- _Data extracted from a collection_
· · · · ·
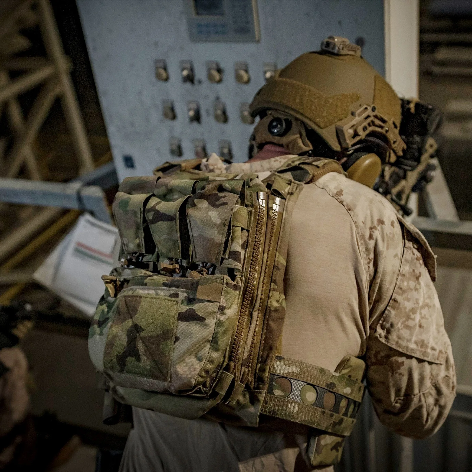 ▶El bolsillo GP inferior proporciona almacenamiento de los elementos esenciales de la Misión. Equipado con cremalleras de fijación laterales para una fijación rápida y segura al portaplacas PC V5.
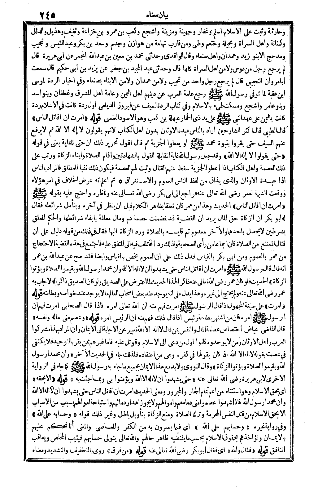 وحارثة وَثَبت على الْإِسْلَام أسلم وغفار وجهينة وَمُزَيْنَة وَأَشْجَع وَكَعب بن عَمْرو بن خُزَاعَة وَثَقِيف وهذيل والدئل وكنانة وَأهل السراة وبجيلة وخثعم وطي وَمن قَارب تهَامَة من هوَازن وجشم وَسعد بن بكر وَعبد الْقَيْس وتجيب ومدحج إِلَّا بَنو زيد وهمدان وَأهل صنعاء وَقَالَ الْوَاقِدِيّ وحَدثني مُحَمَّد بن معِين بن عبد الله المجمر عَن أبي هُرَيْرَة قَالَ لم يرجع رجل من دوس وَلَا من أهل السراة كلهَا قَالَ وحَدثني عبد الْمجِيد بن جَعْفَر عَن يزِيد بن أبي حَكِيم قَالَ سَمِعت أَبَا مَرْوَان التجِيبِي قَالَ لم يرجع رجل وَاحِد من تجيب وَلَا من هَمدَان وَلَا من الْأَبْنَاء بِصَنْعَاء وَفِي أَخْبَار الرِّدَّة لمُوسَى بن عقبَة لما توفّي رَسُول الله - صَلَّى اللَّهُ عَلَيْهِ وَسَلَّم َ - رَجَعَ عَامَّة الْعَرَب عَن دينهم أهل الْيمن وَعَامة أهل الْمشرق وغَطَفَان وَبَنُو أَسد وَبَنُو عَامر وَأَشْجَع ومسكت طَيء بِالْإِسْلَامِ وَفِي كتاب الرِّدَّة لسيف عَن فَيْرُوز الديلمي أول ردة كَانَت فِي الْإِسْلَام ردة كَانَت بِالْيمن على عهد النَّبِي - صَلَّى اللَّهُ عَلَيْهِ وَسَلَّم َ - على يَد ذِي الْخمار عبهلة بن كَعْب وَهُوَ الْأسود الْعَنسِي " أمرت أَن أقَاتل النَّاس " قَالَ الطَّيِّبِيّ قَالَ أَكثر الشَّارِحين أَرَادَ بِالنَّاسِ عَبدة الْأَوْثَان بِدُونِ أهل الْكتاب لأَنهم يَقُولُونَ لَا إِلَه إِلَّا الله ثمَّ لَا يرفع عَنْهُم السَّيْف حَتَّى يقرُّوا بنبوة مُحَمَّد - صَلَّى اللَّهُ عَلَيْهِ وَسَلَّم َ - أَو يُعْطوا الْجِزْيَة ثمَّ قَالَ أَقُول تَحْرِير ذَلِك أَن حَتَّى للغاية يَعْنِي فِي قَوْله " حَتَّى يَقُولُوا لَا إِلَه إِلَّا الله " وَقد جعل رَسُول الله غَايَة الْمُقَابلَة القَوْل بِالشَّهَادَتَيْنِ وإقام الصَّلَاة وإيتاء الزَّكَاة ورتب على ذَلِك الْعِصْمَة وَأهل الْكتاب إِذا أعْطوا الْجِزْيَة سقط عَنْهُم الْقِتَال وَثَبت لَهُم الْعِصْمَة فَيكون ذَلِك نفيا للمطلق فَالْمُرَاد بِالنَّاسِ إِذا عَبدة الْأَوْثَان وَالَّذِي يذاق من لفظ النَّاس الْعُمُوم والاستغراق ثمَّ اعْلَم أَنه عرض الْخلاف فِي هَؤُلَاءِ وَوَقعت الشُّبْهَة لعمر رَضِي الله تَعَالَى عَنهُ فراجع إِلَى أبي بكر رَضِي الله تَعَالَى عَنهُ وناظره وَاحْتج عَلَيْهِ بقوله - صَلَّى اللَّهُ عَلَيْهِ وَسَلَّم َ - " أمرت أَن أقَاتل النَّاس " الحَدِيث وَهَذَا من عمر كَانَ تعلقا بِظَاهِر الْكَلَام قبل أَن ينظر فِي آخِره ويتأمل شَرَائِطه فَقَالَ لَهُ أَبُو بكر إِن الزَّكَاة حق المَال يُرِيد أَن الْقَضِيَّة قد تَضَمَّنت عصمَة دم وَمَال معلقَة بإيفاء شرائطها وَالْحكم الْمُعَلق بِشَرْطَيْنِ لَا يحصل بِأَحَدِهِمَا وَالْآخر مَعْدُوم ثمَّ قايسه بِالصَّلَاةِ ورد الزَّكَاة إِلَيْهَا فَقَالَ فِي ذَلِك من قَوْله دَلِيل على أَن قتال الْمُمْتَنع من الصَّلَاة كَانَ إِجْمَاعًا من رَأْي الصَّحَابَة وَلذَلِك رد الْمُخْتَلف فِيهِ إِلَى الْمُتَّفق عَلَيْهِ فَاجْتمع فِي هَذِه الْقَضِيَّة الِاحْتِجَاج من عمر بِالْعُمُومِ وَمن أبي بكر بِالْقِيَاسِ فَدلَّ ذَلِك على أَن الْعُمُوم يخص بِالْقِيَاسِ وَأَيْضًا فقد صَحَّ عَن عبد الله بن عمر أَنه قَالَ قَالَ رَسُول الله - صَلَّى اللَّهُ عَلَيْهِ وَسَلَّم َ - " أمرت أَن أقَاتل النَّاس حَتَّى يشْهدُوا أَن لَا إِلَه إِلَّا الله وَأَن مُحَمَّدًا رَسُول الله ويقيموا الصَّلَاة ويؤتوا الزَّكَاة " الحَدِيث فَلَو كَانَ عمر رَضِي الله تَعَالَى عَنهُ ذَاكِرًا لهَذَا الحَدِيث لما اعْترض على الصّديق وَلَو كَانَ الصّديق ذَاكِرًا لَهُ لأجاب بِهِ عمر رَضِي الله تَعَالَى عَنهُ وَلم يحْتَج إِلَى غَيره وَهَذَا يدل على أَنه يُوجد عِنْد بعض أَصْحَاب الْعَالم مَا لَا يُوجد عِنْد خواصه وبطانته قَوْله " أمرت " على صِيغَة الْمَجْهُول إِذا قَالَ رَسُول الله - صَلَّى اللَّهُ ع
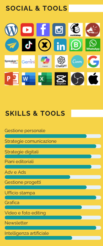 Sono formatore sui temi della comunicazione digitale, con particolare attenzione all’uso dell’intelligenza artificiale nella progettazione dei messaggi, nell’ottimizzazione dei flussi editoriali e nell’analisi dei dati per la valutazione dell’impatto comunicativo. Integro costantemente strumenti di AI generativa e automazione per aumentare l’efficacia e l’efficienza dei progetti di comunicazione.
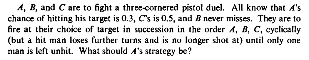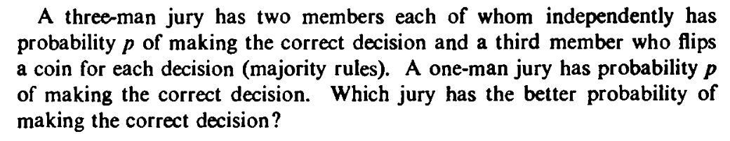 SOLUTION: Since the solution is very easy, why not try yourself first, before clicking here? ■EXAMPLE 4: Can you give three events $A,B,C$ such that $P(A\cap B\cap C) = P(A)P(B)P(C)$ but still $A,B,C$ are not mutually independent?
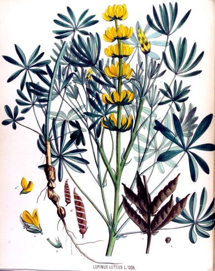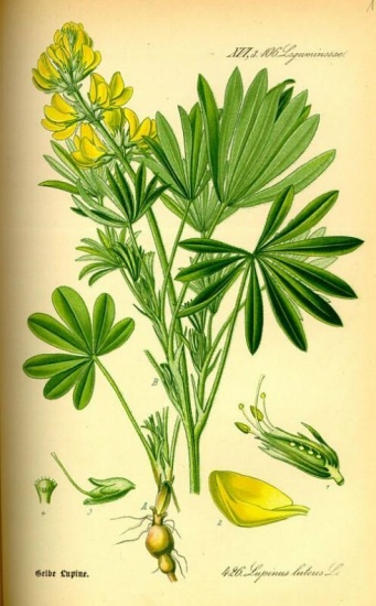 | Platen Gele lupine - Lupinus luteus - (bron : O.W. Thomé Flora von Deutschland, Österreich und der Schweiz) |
· · · · ·
- _WORK INSTRUCTIONS_
A word-for-word repeat is expected of the lines from the one with "SOLUTION: Since the" to the end of the data, both included; pictures are not part of it.

- _EXERCISE SOLUTION_
 SOLUTION: Since the solution is very easy, why not try yourself first, before clicking here? ■EXAMPLE 4: Can you give three events $A,B,C$ such that $P(A\cap B\cap C) = P(A)P(B)P(C)$ but still $A,B,C$ are not mutually independent?
 | Platen Gele lupine - Lupinus luteus - (bron : O.W. Thomé Flora von Deutschland, Österreich und der Schweiz) |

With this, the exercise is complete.